Mobile Development 23 min read

Understanding and Building an Android MVVM Application Framework

The article clarifies that Android MVVM is an architectural pattern distinct from Google’s DataBinding tool, contrasts MVC and MVP shortcomings, outlines MVVM’s View, Model, and ViewModel layers with detailed responsibilities and sample RxJava/Retrofit code, and recommends using a global Messenger for decoupled ViewModel communication to achieve low‑coupling, testable, data‑driven UI development.

Meituan Technology Team
Meituan Technology Team
Meituan Technology Team
Understanding and Building an Android MVVM Application Framework

When people mention Android MVVM, they often think of Google’s DataBinding framework released in 2015. However, the two concepts are different: MVVM is an architectural pattern, while DataBinding is a tool that implements data‑UI binding and can be used to construct an MVVM framework.

The article first explains the three classic Android UI patterns—MVC, MVP, and MVVM—highlighting the shortcomings of MVC (Activities become massive) and MVP (interface granularity, UI‑driven logic, and coupling).
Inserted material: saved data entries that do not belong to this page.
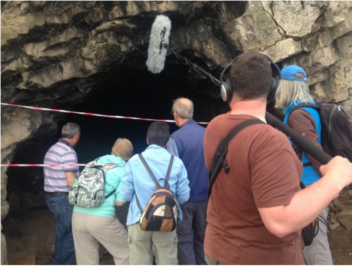
Local history group visit our prehistoric cave excavation
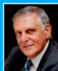
Dan Shechtman 2011 - Chemistry
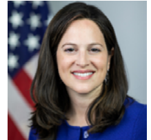
Anne Neuberger Deputy National Security Advisor, Cyber & Emerging Tech at National Security Council, The White House
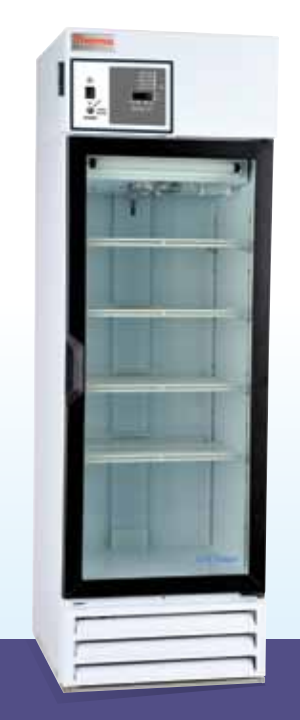
12 cu. ft. lab refrigerator with glass door, model no. MR12PA-GAEE-TS
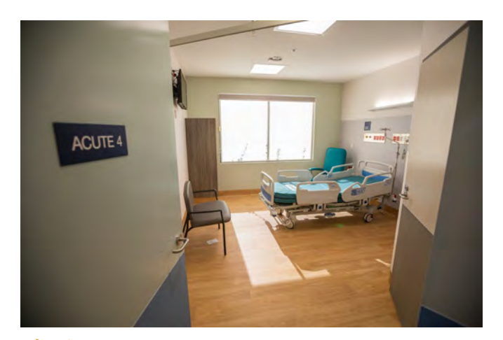
Acute care room.
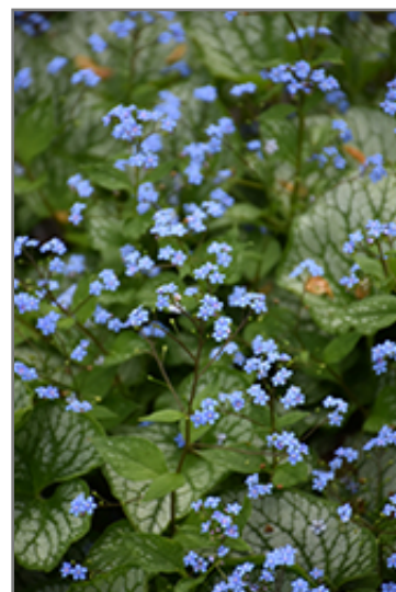
Sea Heart Bugloss flowers

Sea Heart Bugloss is recommended for the following landscape applications;
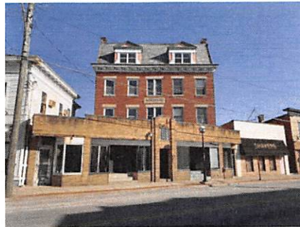
5910 Hamilton Avenue (Ruth Ellen Flats)
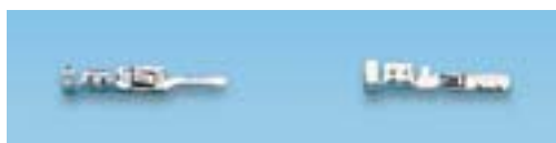
Contacts phosphor bronze, tin plated
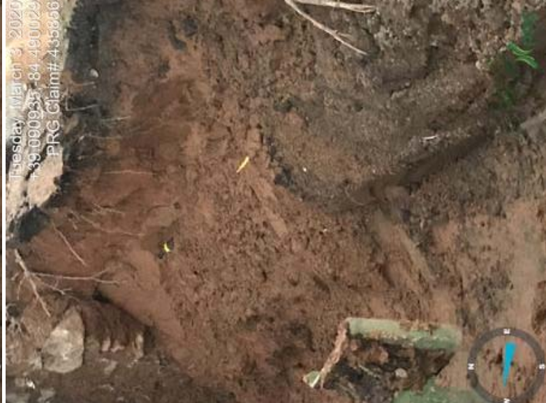
435856 - Investigator6.jpeg Page: 1 of 2
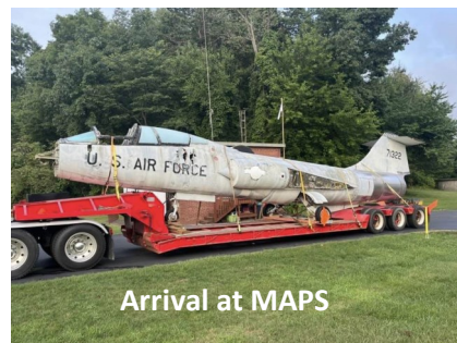
Arrival at MAPS

On August 8, 2024 at 6 AM, Jim Jackson, Denny Bachtel, Bill Barracato and Chet Starn set off for Dayton to bring our plane home. They started disassembling the plane at 10 AM and were off the base by 2:30 PM. A very busy 4 1/2 hours! The wings were already off, they removed the nose cone and cut off the damaged and curled end of the horizontal stabilizer. The fuselage was then loaded onto the flatbed and the removed parts of the plane were loaded on a separate trailer. As they made their way down the highway, you can imagine the looks from other drivers! The crew and plane arrived safely back at MAPS at 8 PM.
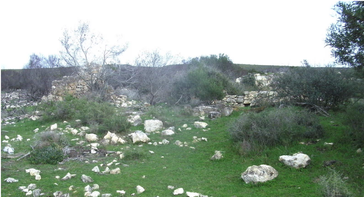
Figure 3. Some of the Ou Werf Farm ruins.
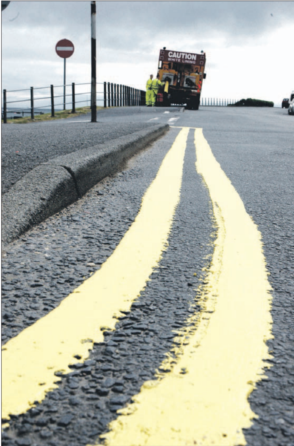
Arran's first double-yellow lines were painted onto the road in Brodick this week. 02_b26lin01

A North Ayrshire Council spokesman said: 'No other locations on Arran are presently under review for yellow lines.'
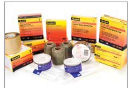
3M™ Mining Cable Splice Kit 3103
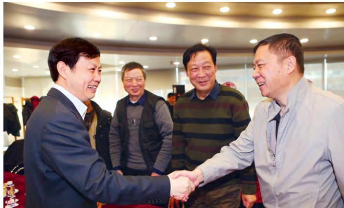
Meeting with retired employees in Chinese New Year
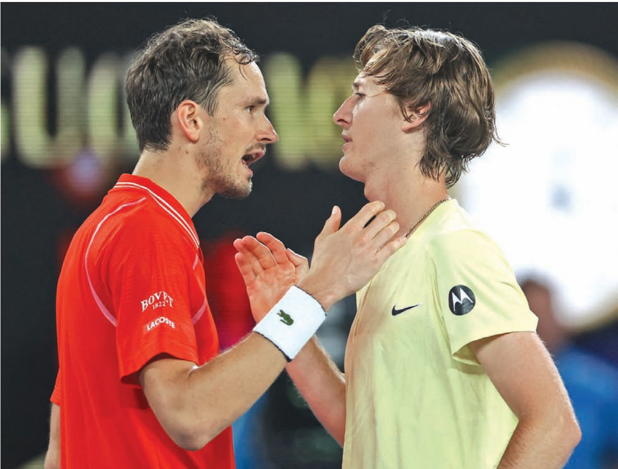
Sebastian Korda of the US shakes hands with Russia’s Daniil Medvedev after winning his third round match at Melbourne Park, Melbourne, Australia, yesterday.
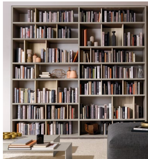
Right: Examples of bespoke freestanding & built in living room furniture.
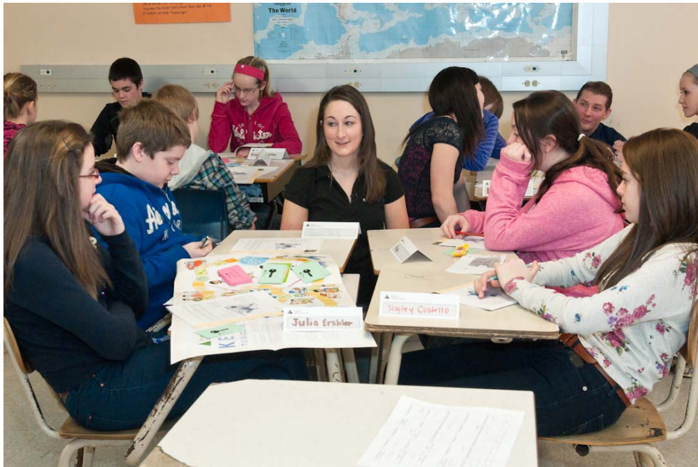
Husky Staff Participate in Junior Achievement Program – February 2012
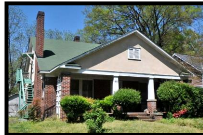
1720 Wilmore Drive

It then introduces MVVM, describing its three layers:

View : Activity/Fragment and XML, responsible only for UI rendering and user interaction.

Model : Data sources such as network APIs, local storage, and entity beans.

ViewModel : Handles business logic, holds ObservableFields, and communicates with View via DataBinding and with Model via RxJava/Retrofit.

Key advantages of MVVM are data‑driven UI updates, low coupling, easier UI testing, clear division of labor, and better team collaboration.

How to divide responsibilities:

View should contain no business logic; it only initializes UI components and declares bindings in XML. UI events are bound to commands defined in ViewModel.

ViewModel contains five typical parts:

Context – used mainly for lifecycle‑aware network requests and messenger registration.

Model – reference to the data objects (e.g., beans returned by Retrofit).

Data Fields – ObservableField/ObservableBoolean that are bound to UI widgets.

Command – ReplyCommand objects that encapsulate UI events such as refresh or load‑more.

Child ViewModel – ObservableList of sub‑ViewModels for RecyclerView adapters, fragments, etc.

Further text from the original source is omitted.